Main Article Content

Åsa Wohlin

Abstract

The search for regularities in the background for the genetic code and its codon assignments is here further developed, earlier shown to have many correlations with numeral series of integers 5 →0 with different exponents. The atomic mass analysis here counts on 20 + 4 double-coded amino acids, here including Ile AUA as such.


            A central finding here is that the C-skeleton seems to build on an hierarchical development of the mentioned basic series giving top numbers equal to those returning in side-chain divisions and on first three levels those of C-atoms in base-pair domains.

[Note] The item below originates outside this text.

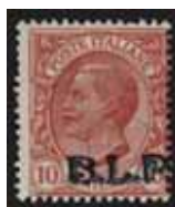
Esemplare nuovo da cent. 10 con soprastampa bruna.

It can very elementary explain the 3/2-division in the weight series.


            A few main results from earlier articles are shortly recapitulated, since it’s shown here that an x­3-series times 15 (x = integers 5 → 0) joins those earlier aspects and add new ones.


            It’s found also that atoms with valences 4 + 3 relative those with 2 + 1 make up a 3 to 1-division in both base-pair groups of codon domains, strengthening the earlier observation of valences as one important guiding principle in the relation between codons and domains of amino acids; valences of the atoms which in themselves make up a basic series 5 → 0 in the code when phosphorus P is included.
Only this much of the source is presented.